In the copy, keep every record exact and leave out all images.

= Beginning of Section =

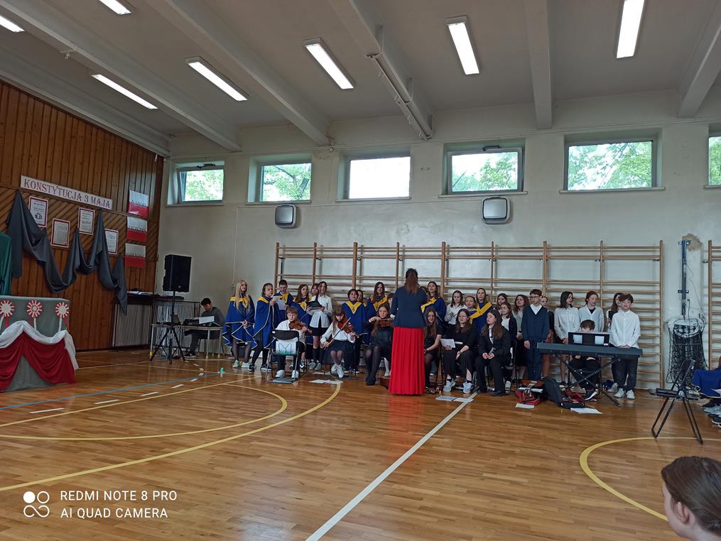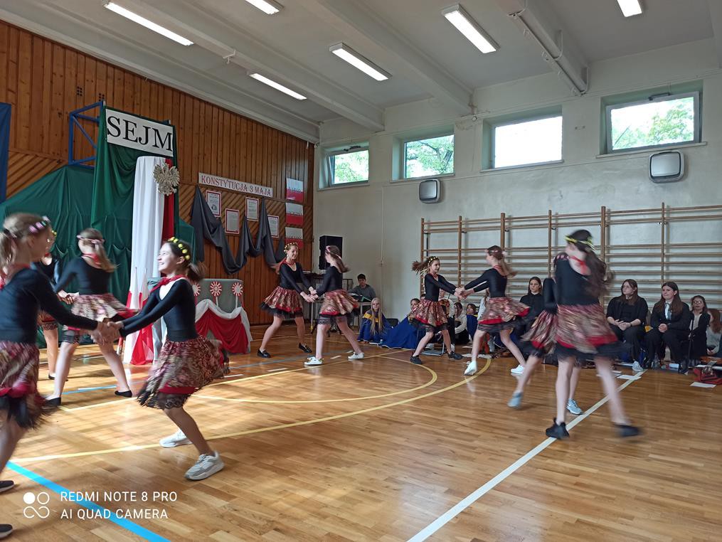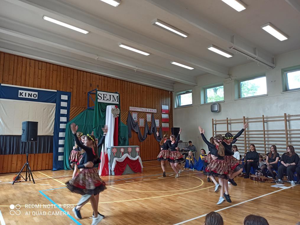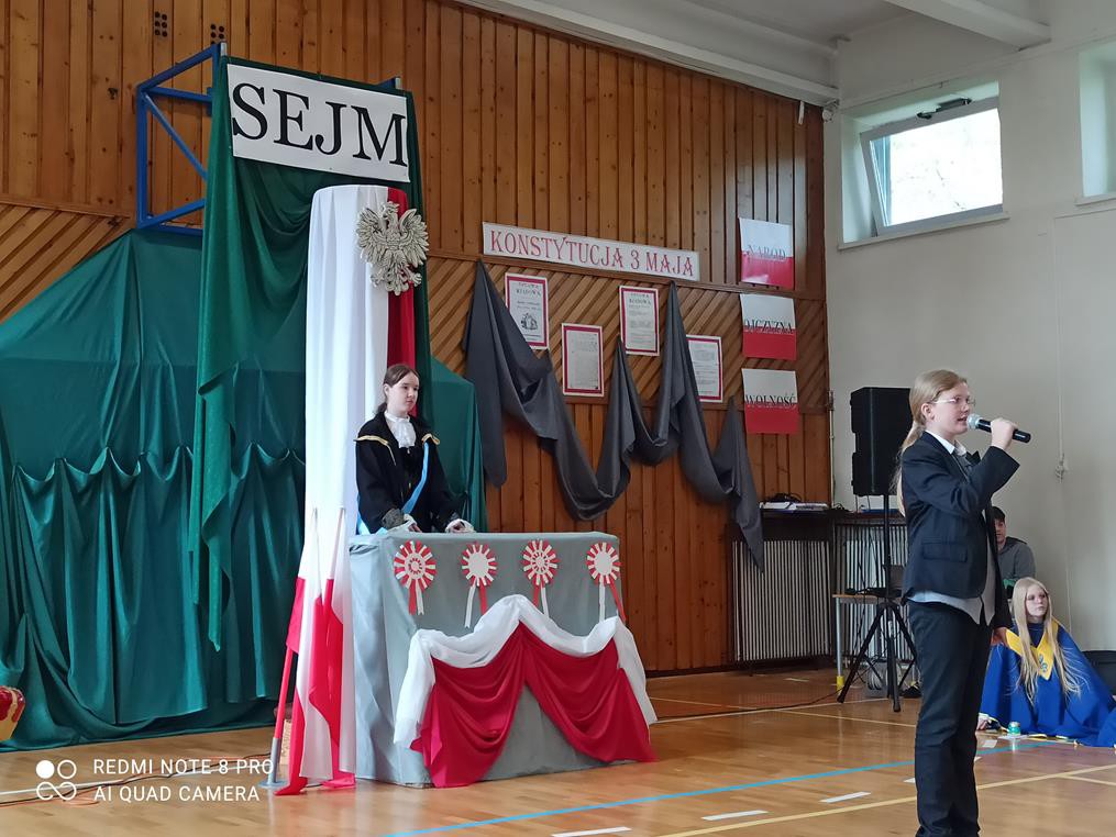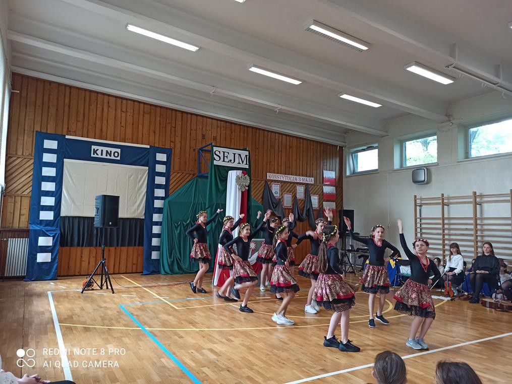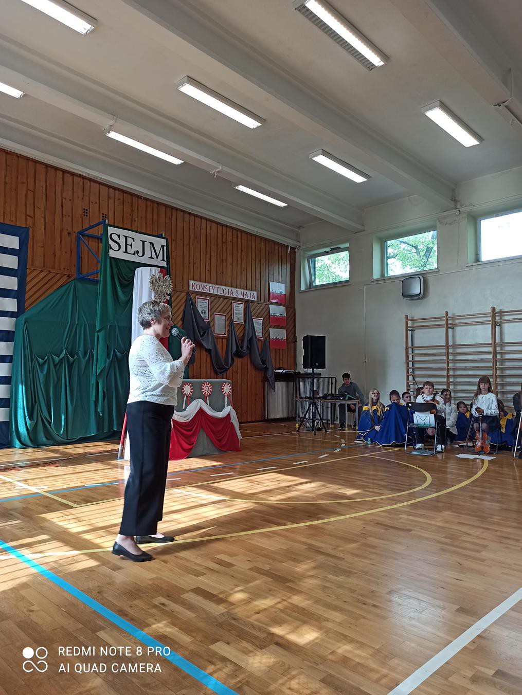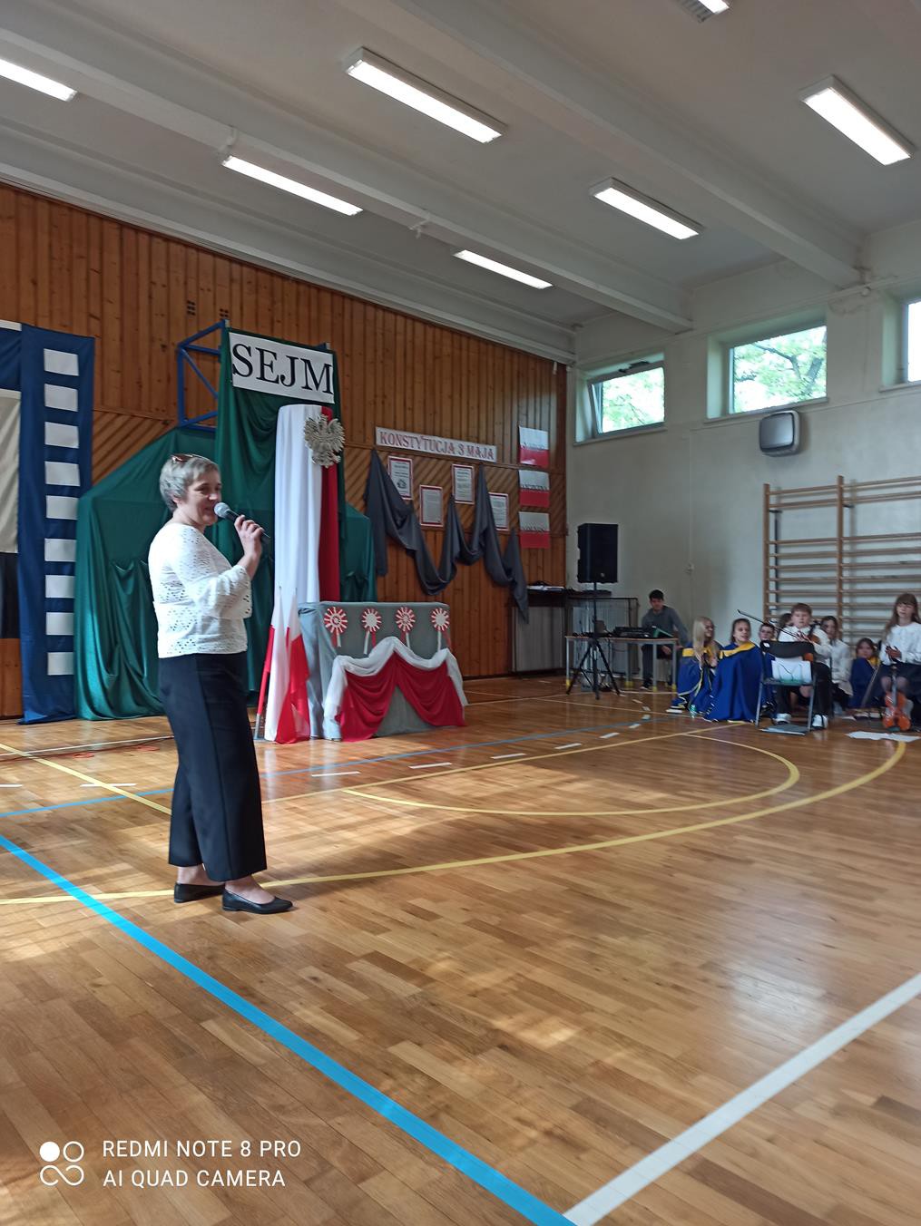 25 kwietnia obchodziliśmy w szkole rocznicę Uchwalenia Konstytucji 3 Maja. Uroczystość rozpoczęła się od wprowadzenia Sztandaru Szkoły i odśpiewania „Mazurka Dąbrowskiego”. Część artystyczną zaprezentowali uczniowie klasy 5a i 5b. Dzięki przygotowanej inscenizacji przenieśliśmy się w czasie, do roku 1791. Widzowie mogli zobaczyć i usłyszeć, nad czym radzili i jak wypowiadali się uczestnicy obrad Sejmu Czteroletniego, jakie przytaczali argumenty dla swoich racji i jak podejmowali Uchwałę. Głos zabierali Marszałek Stanisław Małachowski, Hugo Kołłątaj, Seweryn Branicki, Ignacy Potocki, Jan Dekert, Ksawery Branicki i oczywiście król Stanisław August Poniatowski. Aktorzy znakomicie przywołali emocje jakie towarzyszyły tamtym wydarzeniom. Uroczystość uświetnił występ szkolnego chóru i zespołu instrumentalnego oraz grupa taneczna.
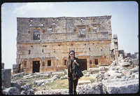 Barbara A. Porter in front of villa ruins in Serjilla
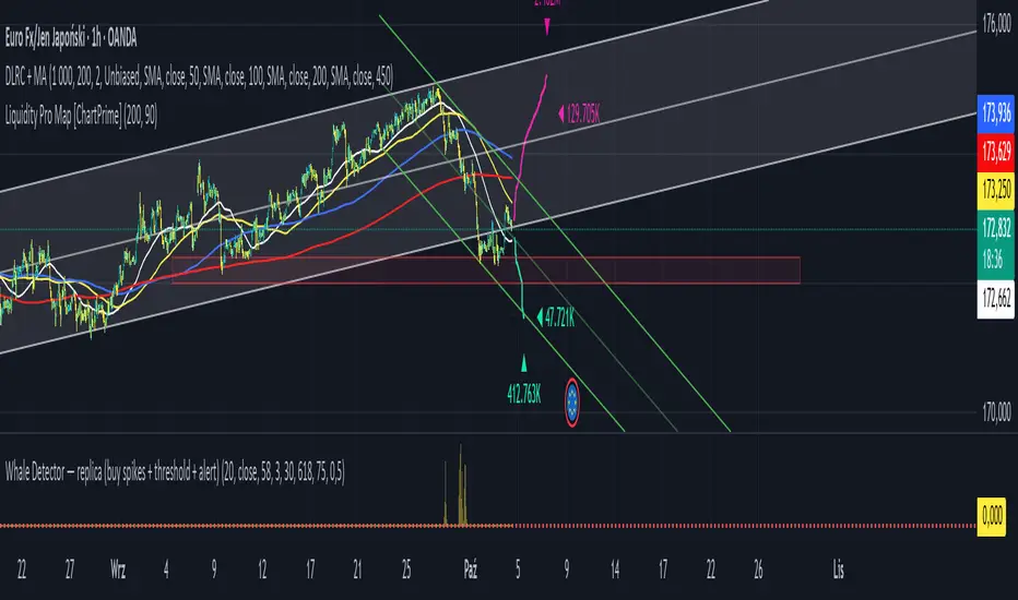The DLRC + MA indicator is an advanced technical analysis tool that combines double linear regression channels with a moving average ribbon (MA Ribbon). Designed for traders who want to simultaneously track trend, volatility, and potential support/resistance levels.
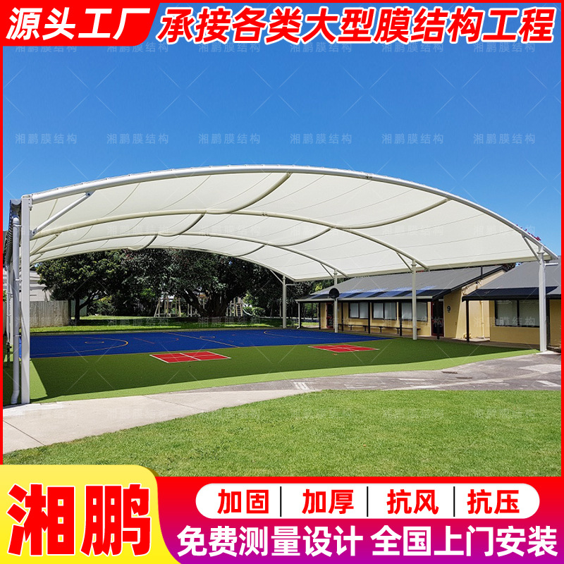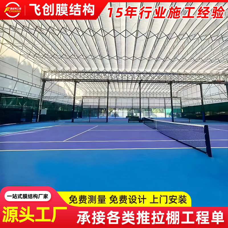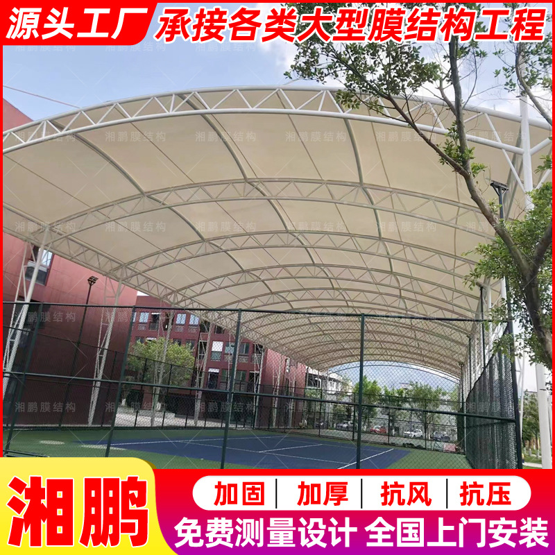 大型鋼架膜構造球場棚屋外バスケットコート張拉膜天井鋼架膜構造テニスコート雨蓬
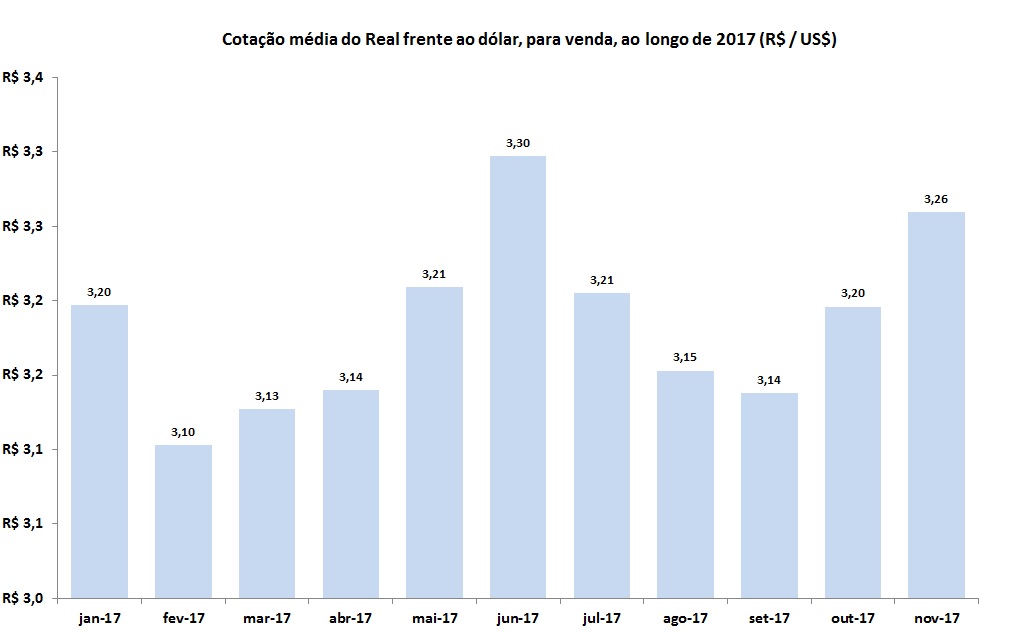 O Farmnews apresenta a cotação do Real frente ao dólar, em termos médios mensais, ao longo de 2017.
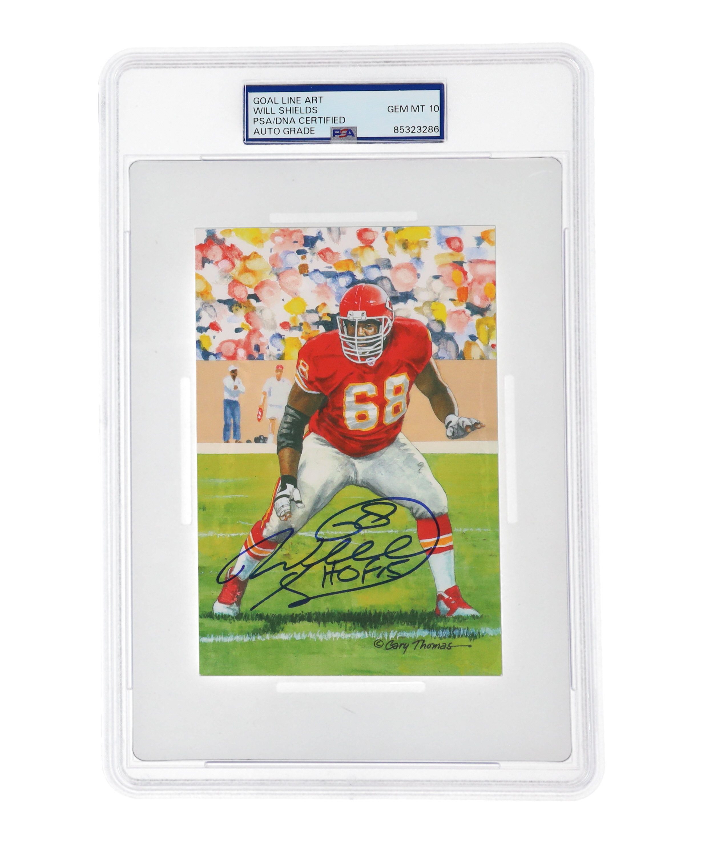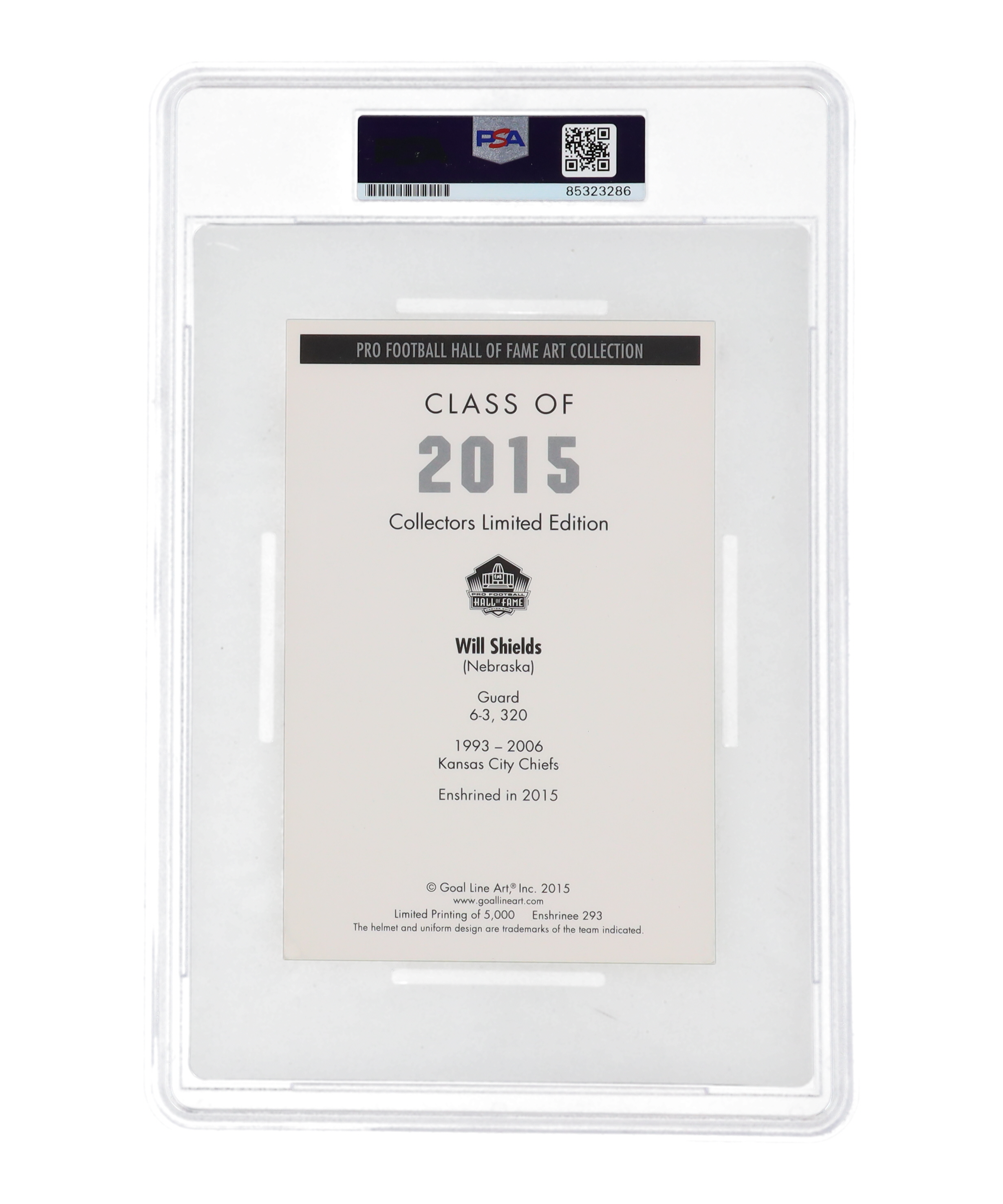 Will Shields Signed Chiefs LE Goal Line Art Hall of Fame Postcard Inscribed "HOF 15" (PSA | Auto Grade 10)
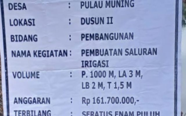 Pembangunan saluran irigasi tersebut, lanjut Kades, lokasinya di Dusun 2 yang dikerjakan oleh TPK Desa Pulau Muning Kecamatan Sembawa Banyuasin.
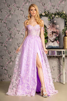 Bead Strapless Mesh A-line Long Dress Detachable Sleeves GLGL3206

= End of Section =

**Exercise solution**
 25 kwietnia obchodziliśmy w szkole rocznicę Uchwalenia Konstytucji 3 Maja. Uroczystość rozpoczęła się od wprowadzenia Sztandaru Szkoły i odśpiewania „Mazurka Dąbrowskiego”. Część artystyczną zaprezentowali uczniowie klasy 5a i 5b. Dzięki przygotowanej inscenizacji przenieśliśmy się w czasie, do roku 1791. Widzowie mogli zobaczyć i usłyszeć, nad czym radzili i jak wypowiadali się uczestnicy obrad Sejmu Czteroletniego, jakie przytaczali argumenty dla swoich racji i jak podejmowali Uchwałę. Głos zabierali Marszałek Stanisław Małachowski, Hugo Kołłątaj, Seweryn Branicki, Ignacy Potocki, Jan Dekert, Ksawery Branicki i oczywiście król Stanisław August Poniatowski. Aktorzy znakomicie przywołali emocje jakie towarzyszyły tamtym wydarzeniom. Uroczystość uświetnił występ szkolnego chóru i zespołu instrumentalnego oraz grupa taneczna.
 Barbara A. Porter in front of villa ruins in Serjilla
The DLRC + MA indicator is an advanced technical analysis tool that combines double linear regression channels with a moving average ribbon (MA Ribbon). Designed for traders who want to simultaneously track trend, volatility, and potential support/resistance levels.
 大型鋼架膜構造球場棚屋外バスケットコート張拉膜天井鋼架膜構造テニスコート雨蓬
 O Farmnews apresenta a cotação do Real frente ao dólar, em termos médios mensais, ao longo de 2017.
 Will Shields Signed Chiefs LE Goal Line Art Hall of Fame Postcard Inscribed "HOF 15" (PSA | Auto Grade 10)
 Pembangunan saluran irigasi tersebut, lanjut Kades, lokasinya di Dusun 2 yang dikerjakan oleh TPK Desa Pulau Muning Kecamatan Sembawa Banyuasin.
 Bead Strapless Mesh A-line Long Dress Detachable Sleeves GLGL3206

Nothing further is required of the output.